La mort, une hantise permanente


Avoir des étoiles dans les yeux et toucher les étoiles appelle au rêve, à l’incroyable mais, pourtant, derrière, se cache une réalité bien plus brutale et implacable. First Man n’est pas un film de paillettes et d’héroïsme au patriotisme dégoulinant. Le film choisit, parmi les éléments qui lancent l’intrigue, de raconter l’une des principales tragédies à avoir durablement affecté Neil Armstrong : la mort de sa petite fille à l’âge de deux ans à peine. Une tragédie qui sera loin d’être la dernière qu’il connaîtra, puisqu’il perdra plusieurs de ses amis lors de missions visant à faire progresser la conquête de l’espace.


Tout au long du film s’installe une ambiance pesante, une présence sinistre se fait sentir. First Man est un film lourd, où la mort est omniprésente. Elle est présente dans les souvenirs de Neil Armstrong, mais aussi dans ceux du spectateur. Elle l’affecte et nous affecte. Et, d’une certaine manière, ses interventions répétées au fil de l’intrigue la rendent presque habituelle et elle en devient quasiment un personnage à part entière. Un personnage que l’on pourrait imaginer comme étant une force invisible mais, à mon avis, elle a bien une « personnification » toute particulière dans First Man.


La Terre comme astre de la Vie, la Lune comme astre de la Mort


Le film s’ouvre sur une mission où Neil Armstrong quitte l’atmosphère. La mission est périlleuse, la carlingue est secouée dans tous les sens, on craint, à chaque instant, pour la vie de l’astronaute. Puis, soudainement, la libération, le calme, la sérénité. Hors de l’atmosphère, aux portes de l’espace, un climat de paix extérieure et intérieure s’installe, jusqu’au retour dans l’atmosphère, dans le bruit et les tremblements.
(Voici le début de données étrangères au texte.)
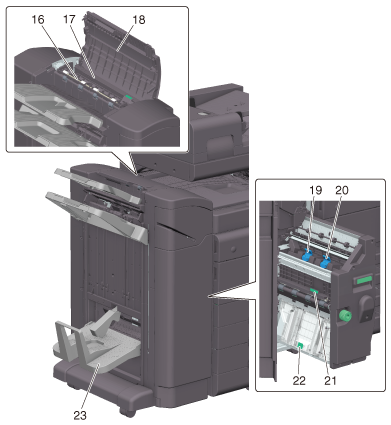 18 | Obere Abdeckung | Öffnen Sie diese Abdeckung, um Papier zu entfernen, das einen Papierstau im Finisher verursacht hat. |
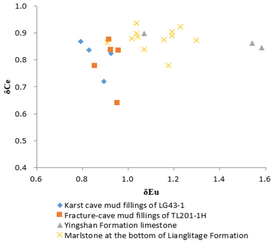 (3) δEu and δCe anomalies: Eu and Ce will show abnormal valence changes in different environments, thus providing important information on the filling environment. The δCe of all the kinds of samples is less than 1, which is a negative anomaly, while the δEu is less than 1, which is 0.79–0.96, and is a negative anomaly in both wells (Figure 9). The limestone of Yingshan Formation and the marlstone of Lianglitage Formation are normal.
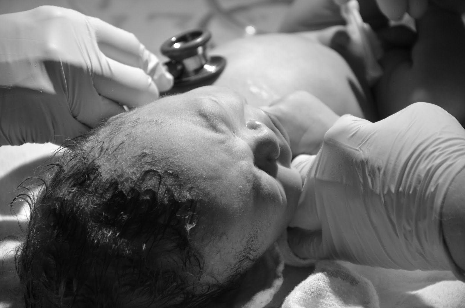 Despite my quick progress at the end, and a huge amount of pressure and urge to push that I continued to feel up until the baby was delivered, I still had to push for about fifteen minutes. The baby was stuck under my pelvic bone and was having a hard time getting past that point. It took all my strength to push through each contraction, and although the goal was to get two big pushes per contraction, the nurse kept urging me to get one more push in at the end of each contraction because he was so close. Finally after a rather large episiotomy, the baby emerged at 7:43pm with the umbilical cord wrapped around his neck twice. The doctor unwrapped the cord from around his neck and the baby took his first breath, quickly followed by a loud wail. This moment, although short, was so spiritual and emotional and sacred as I almost physically felt the presence of his spirit in the room as it entered this tiny human being.
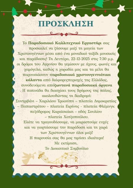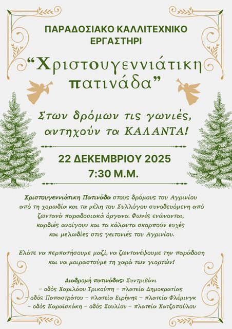 Με τη μουσική της παράδοσης και το πνεύμα των Χριστουγέννων να πρωταγωνιστούν, το Παραδοσιακό Καλλιτεχνικό Εργαστήρι Αγρινίου προσκαλεί το κοινό σε δύο ξεχωριστές γιορτινές δράσεις, την Κυριακή 21 και τη Δευτέρα 22 Δεκεμβρίου 2025. Δύο ημέρες αφιερωμένες στο τραγούδι, τα κάλαντα και τη συλλογική εμπειρία που ενώνει μικρούς και μεγάλους.
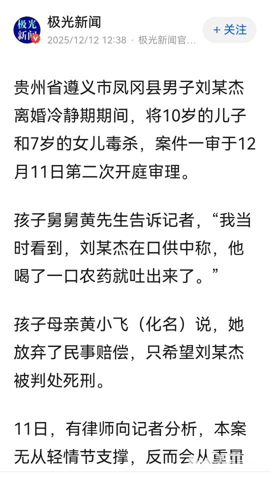 贵州遵义男子离婚冷静期毒杀10岁的儿子和7岁的女儿
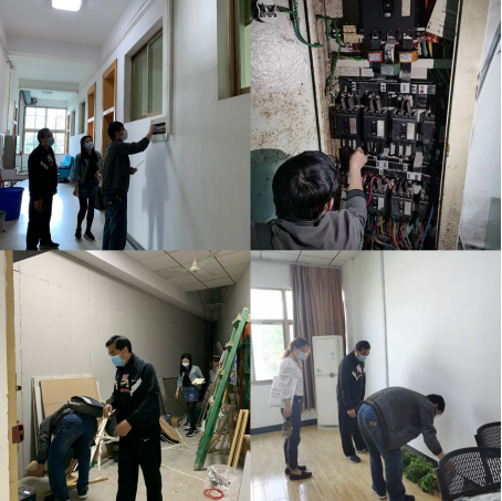 值班第一天上午,在伟德国际victor1946党委书记焦颜成组织带领下学院办公室全体同志,对三号楼北楼1-6楼、逸夫楼C座1-3楼每间办公室、会议室、学生自习室、研究室进行了全面的安全排查,发现安全隐患及时制定整改方案。同时,在学校后勤集团消杀工作组的协助下,对学院各区域进行了集中消杀,为后续复工复学提供有力支撑。
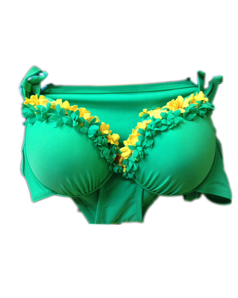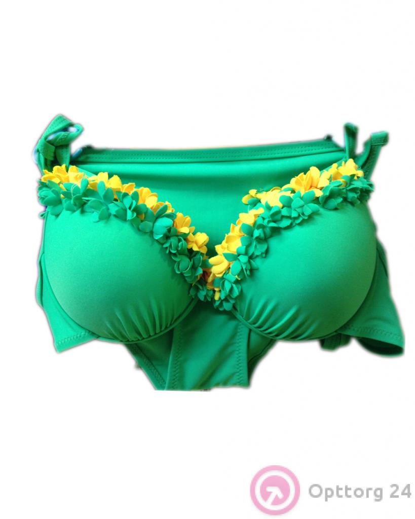 Очень красивый раздельный купальник выполнен из качественной ткани зеленого цвета. Бюстгальтер красиво приподнимает грудь и придает декольте соблазнительные формы. Чашечки плотные, на каркасах. Бретели регулируются по длине. Сзади бюстгальтера удобная и надежная фирменная застежка. Украшение купальника - отделка лифа в виже цветов зеленого и желтого цвета. Трусики со средней линией талии.
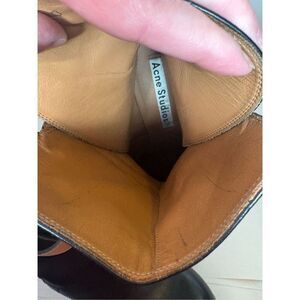 ACNE STUDIOS, BOOTS, lodine high-heeled shoes, size 40 which per their website is a size 10 in US. Made in Italy! Great condition minor signs of wear. Boots with high heel 8.5 cm, leather, platform sole, iodine purs model, with brown straps. crafted from 100% Italian calf leather. They feature a round toe, a stacked heel, and a buckle closure at the side. Acne Studios is a luxury fashion house based in Stockholm, Sweden,

Pour Neil Armstrong, la vie sur Terre est source de tumultes, de souffrances, d’épreuves, mais aussi de moments de bonheur, de joie et d’exaltation. Ces premières minutes résument cet aspect imprévisible de la vie sur Terre, où toutes nos émotions, qu’elles soient positives ou négatives, nous rendent vivants.
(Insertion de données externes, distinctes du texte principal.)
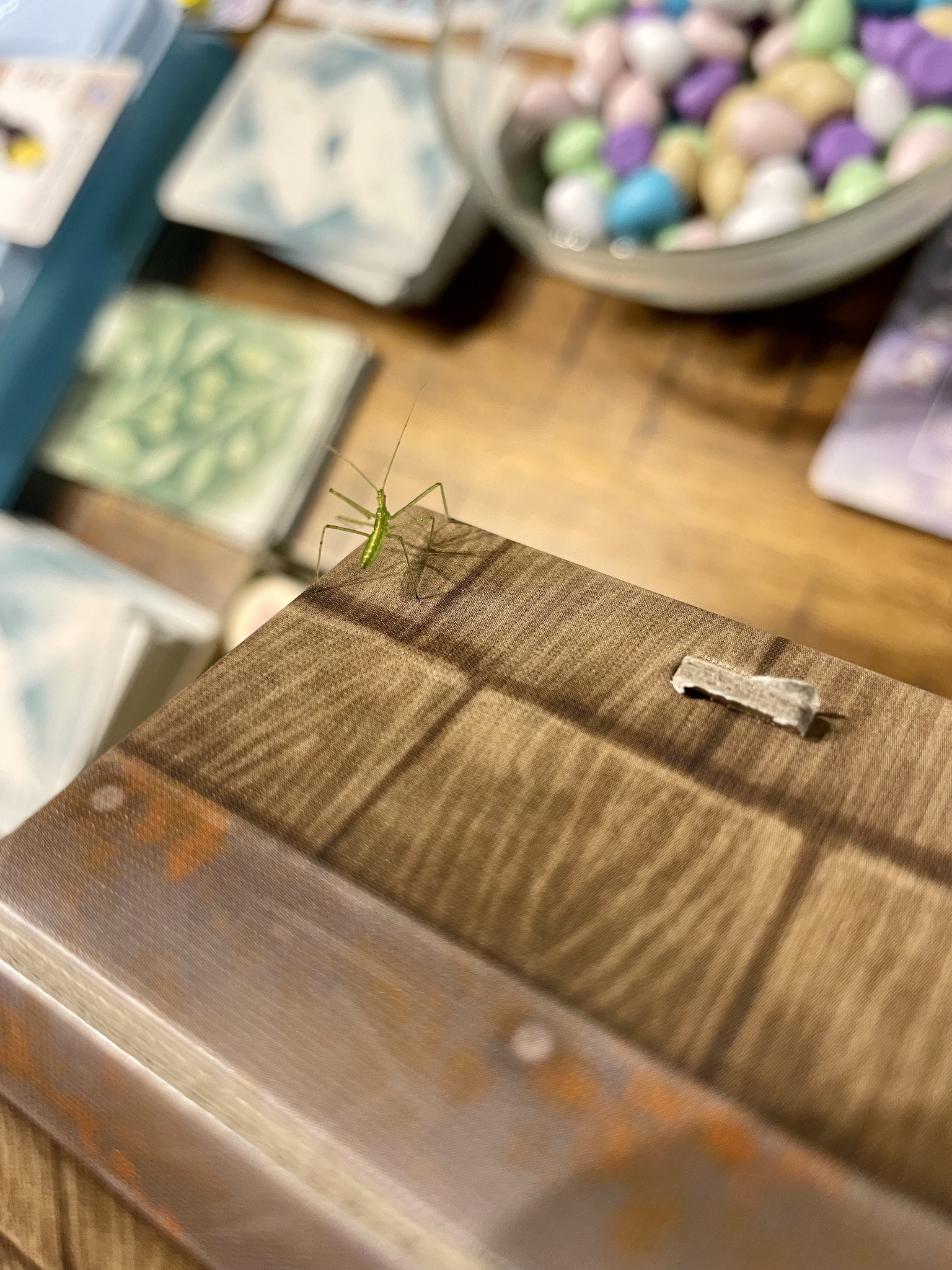 [edit]The size ranges from 12.5 to 18 millimetres (0.49 to 0.71 in) long.[2] On average, adult females are 16 millimetres (0.63 in) long, while males are 14 millimetres (0.55 in) long. Though the base color is pale green, markings on the back can range from dark brown or red to bright yellow. Nymphs are generally more solid green, wingless, and with narrower bodies than adults.[3] The most reliable feature to distinguish this species from others is the pair of spines on the rear corners of the pronotum. These spines are long on the lighter colored individuals and shorter on ones that are darker. It can also be distinguished by dark bands on the distal ends of the femurs, but these can often be too light to be easily seen.[1] The egg masses, which are laid from late June to August, are conical in shape with a flat top. They are laid on leaves in groups of twenty to fifty and held together with a sticky, brownish material. Their bite is extremely painful.[3]
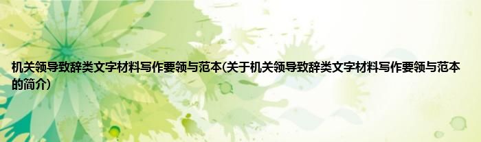 大家好,机关领导致辞类文字材料写作要领与范本,关于机关领导致辞类文字材料写作要领与范本的简介很多人还不知道,现在让我们一起来看看吧!
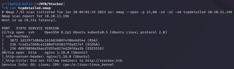 22, 80포트가 open되어있고, ssh와 http가 있다.
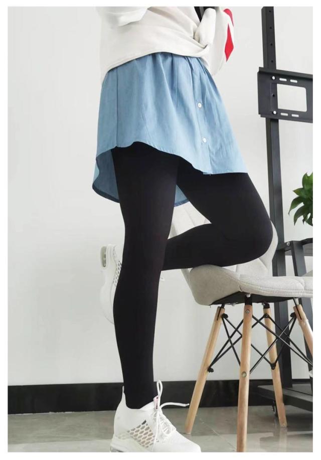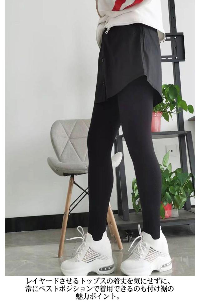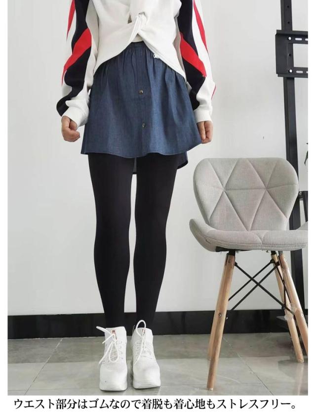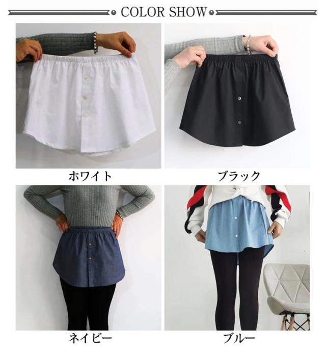 付け裾 デニム風 レイヤード シャツ生地 レディース 春 夏 秋 冬 重ね着 つけ裾 インナー ゴムウエスト ラウンド裾 レイヤードインナー レイヤードトップス ブラック 黒 ブルー 大きいサイズ S M L XL 2XL 【送料無料】
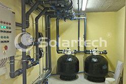 专业扬水逆变器驱动过滤泵工作,无需储能电池,在光照不足时或夜间可以自动切换到市电系统供电。
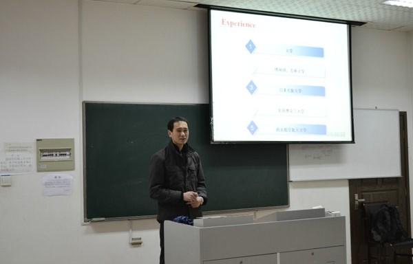 尹建华老师首先讲述了自己的人生经历,从读大学,到工作两年,到读研,再到日本大阪大学、美国奥克兰大学留学,同学们都仔细聆听,被尹老师丰富的经历吸引;接着又讲述了研究方向与导师的选择,其中提到要考虑自身的实力与机会,以及该方向对未来发展的影响,选择导师主要通过老师的推荐和自己联系两种途径;接下来从过去、现在、未来跨时空分析了是否出国的问题,以及是选择名气大的高校,还是选择专业学科强的高校,并且表示其当前的工作需要更多的支持;最后尹老师风趣幽默的讲述了事业与家庭以及国外生活的点滴,使同学们对今后科研道路有了更加具体和理性的认识,同时也让同学们对留学充满憧憬。尹建华教授讲述完成后,现场同学们积极响应,气氛十分热烈。

A contrario, pour en revenir à ce que je disais sur la personnification de la mort, si la Terre est l’astre de la vie, la Lune est bien l’astre de la mort. Brillante dans le ciel nocturne, fascinante, elle est aussi majestueuse que désolée. L’arrivée sur la Lune lors de la mission Apollo 11 nous fait prendre conscience de la solennité du moment, mais nous fait aussi nous rendre compte à quel point la Lune est déserte, vide, presque inquiétante. Le sol est gris, criblé de cratères, il n’y a pas d’air, pas d’atmosphère, le ciel est noir, il n’y a que le vide spatial pour nous entourer. On a envie de dire que l’on est isolé dans un silence de mort. Rien, finalement, ne semble mieux représenter une image de ce qu’est la mort telle qu’on l’imagine.
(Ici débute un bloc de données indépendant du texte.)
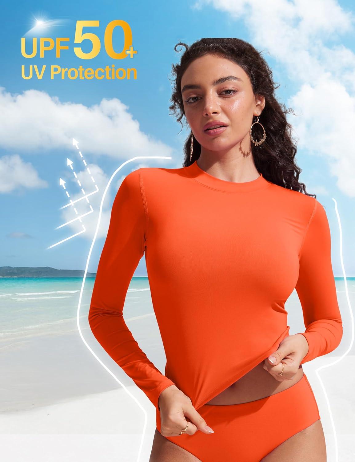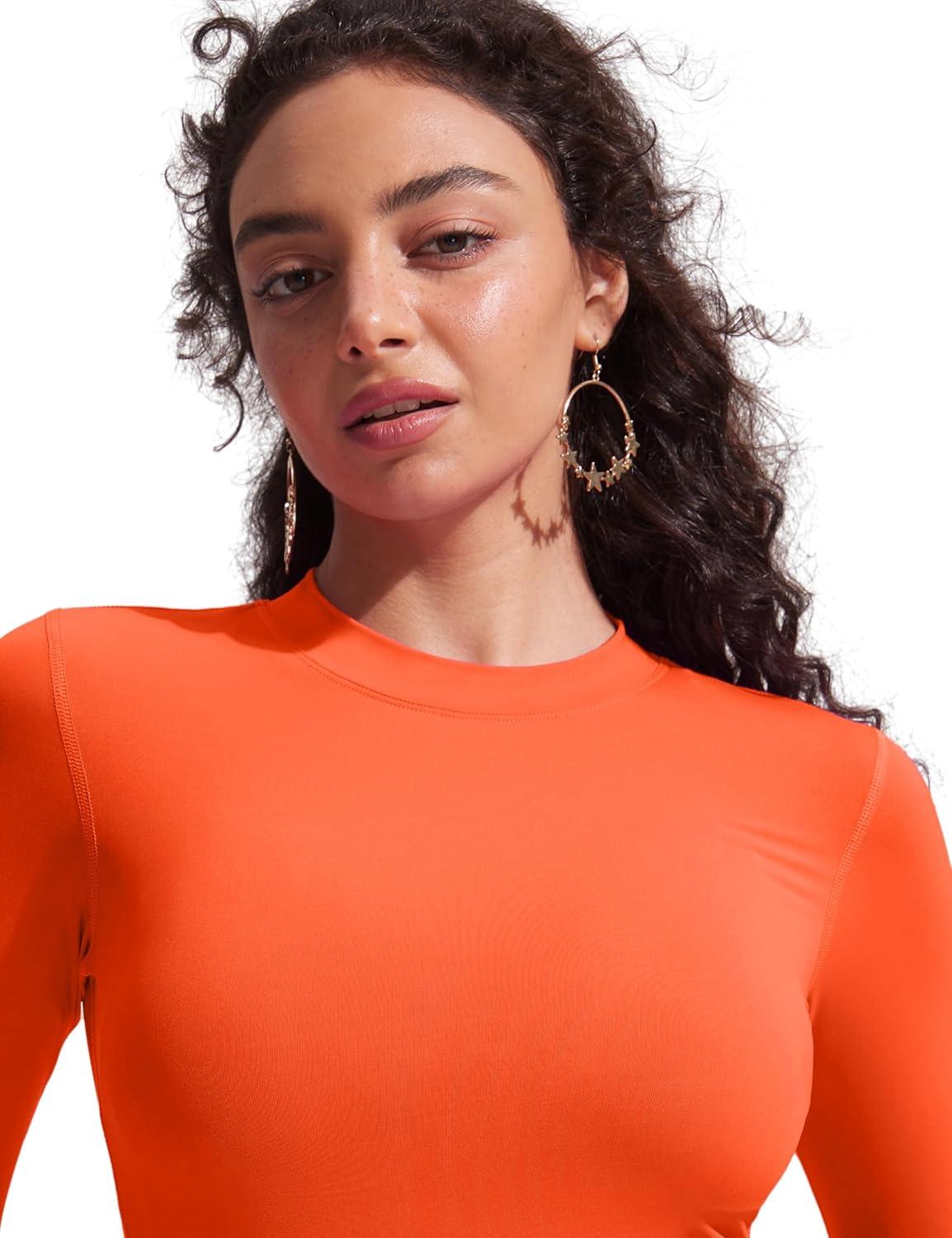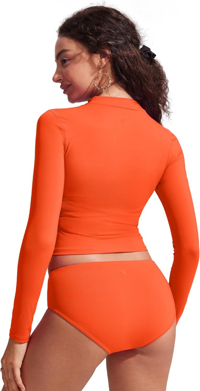 CRZ YOGA UPF 50+ Cropped Rash Guard Shirts for Women – Long Sleeve UV Sun Protection Swim Rashguard Tops(Honey Orange)
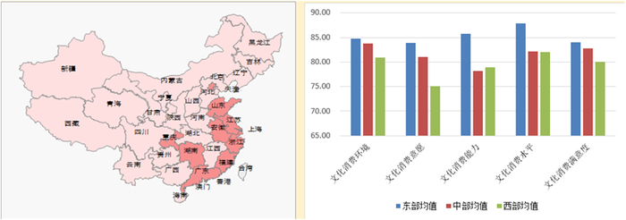 左图为2019文化消费指数前十名,右图为2019东中西部地区文化消费指数。

On peut d’autant plus appuyer cette idée grâce au fait que la Lune est le satellite naturel de la Terre. Elle gravite et tourne autour d’elle depuis des milliards d’années. La Terre influe sur la Lune, et la Lune influe sur la Terre. Elles sont indissociables depuis la nuit des temps, comme le sont la Vie et la Mort. Et, dans ce cadre, la quête de Neil Armstrong prend tout son sens. Armstrong est meurtri par les pertes qu’il subit et fait donc de ce voyage, de cette confrontation, une obsession. Ne se sentant plus vivant sur Terre, incapable d’être un mari présent pour sa femme, d’être un père présent pour ses enfants, il doit braver la mort une bonne fois pour toutes et en revenir pour revivre, c’est sa mission. C’est ainsi qu’il va à sa rencontre en posant le pied sur la Lune, déposant le bracelet de sa petite fille défunte pour sceller définitivement son deuil, et retrouver la Vie en paix.


Est-ce que tout cela a bien existé ?


Quand on parle de la mission Apollo 11, on a souvent tendance à sortir la même blague : « Non mais, de toutes façons, tout ça a été mis en scène et filmé par Kubrick dans des studios à Hollywood ! » Et quand on reste dans le raisonnement exposé jusqu’ici, on peut tout à fait établir une analogie entre la remise en question de la véracité des faits dans la réalité, et les éternels questionnements sur ce qu’est la mort, et l’éventuel « après ». Si on revoit le chemin traversé par Neil Armstrong, c’est l’idée d’affronter directement la mort, jusqu’à percevoir ce qu’il y a derrière, quelque chose qui nous est totalement inconnu et qu’on ne croit pas, qu’on remet en cause, tout comme cet exploit extraordinaire. Le passage sur la Lune est comme hors du temps et de l’espace, irrationnel, et renforce encore plus cette impression.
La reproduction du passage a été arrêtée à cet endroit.